* [Task]
Transcribe nothing except the lines below that run from the one with "May 5, 2000: Cincinnati" to the one with "Dual Voltage Meters: This", ends included, and do not copy any picture.

* [Data records]
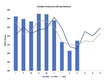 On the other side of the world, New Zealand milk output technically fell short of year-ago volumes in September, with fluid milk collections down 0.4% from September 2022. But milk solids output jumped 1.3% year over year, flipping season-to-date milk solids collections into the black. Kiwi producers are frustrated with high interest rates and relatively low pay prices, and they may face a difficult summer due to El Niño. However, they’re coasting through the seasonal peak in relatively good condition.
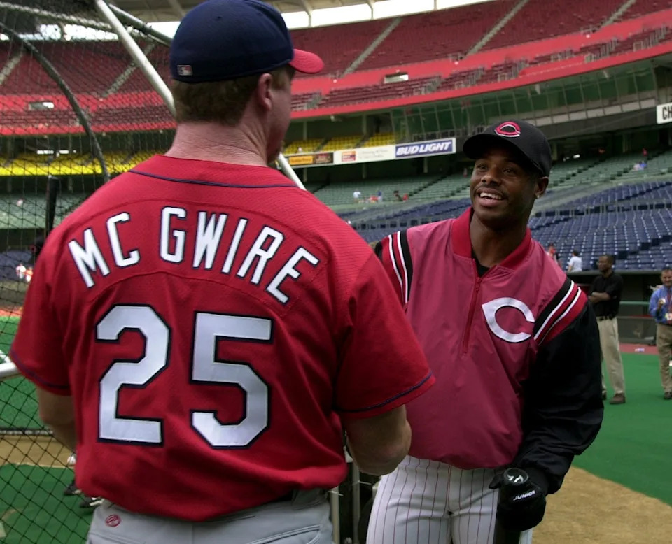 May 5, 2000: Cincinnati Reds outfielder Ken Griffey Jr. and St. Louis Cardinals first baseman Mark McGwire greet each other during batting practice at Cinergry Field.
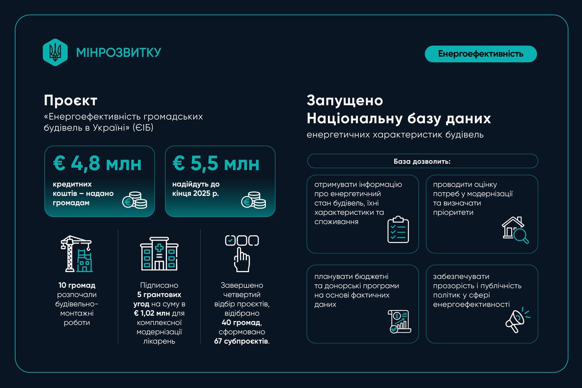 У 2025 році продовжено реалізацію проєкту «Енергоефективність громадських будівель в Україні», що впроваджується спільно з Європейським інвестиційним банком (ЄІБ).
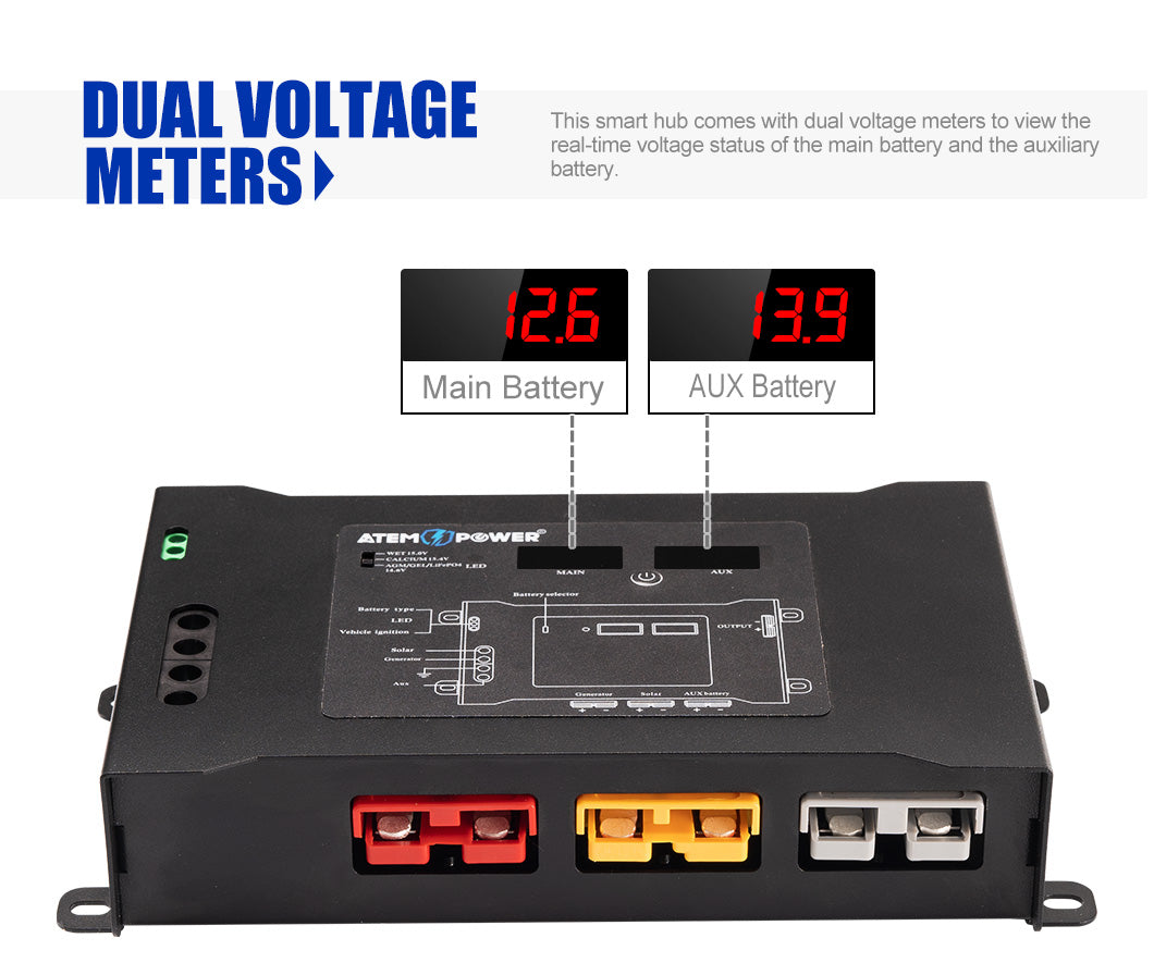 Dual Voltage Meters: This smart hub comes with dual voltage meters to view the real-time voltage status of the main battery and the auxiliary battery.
* * *
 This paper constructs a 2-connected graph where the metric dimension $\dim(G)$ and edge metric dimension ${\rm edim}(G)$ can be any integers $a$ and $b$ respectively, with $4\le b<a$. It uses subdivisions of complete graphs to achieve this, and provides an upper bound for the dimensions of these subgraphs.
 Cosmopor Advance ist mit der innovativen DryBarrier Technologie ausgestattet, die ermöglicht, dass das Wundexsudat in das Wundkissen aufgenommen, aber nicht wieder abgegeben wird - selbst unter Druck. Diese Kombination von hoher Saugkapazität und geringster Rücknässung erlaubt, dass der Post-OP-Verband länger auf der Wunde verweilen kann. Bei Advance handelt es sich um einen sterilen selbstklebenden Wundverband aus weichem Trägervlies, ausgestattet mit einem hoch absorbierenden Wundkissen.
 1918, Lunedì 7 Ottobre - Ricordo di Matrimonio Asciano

* [Exercise result]
 May 5, 2000: Cincinnati Reds outfielder Ken Griffey Jr. and St. Louis Cardinals first baseman Mark McGwire greet each other during batting practice at Cinergry Field.
 У 2025 році продовжено реалізацію проєкту «Енергоефективність громадських будівель в Україні», що впроваджується спільно з Європейським інвестиційним банком (ЄІБ).
 Dual Voltage Meters: This smart hub comes with dual voltage meters to view the real-time voltage status of the main battery and the auxiliary battery.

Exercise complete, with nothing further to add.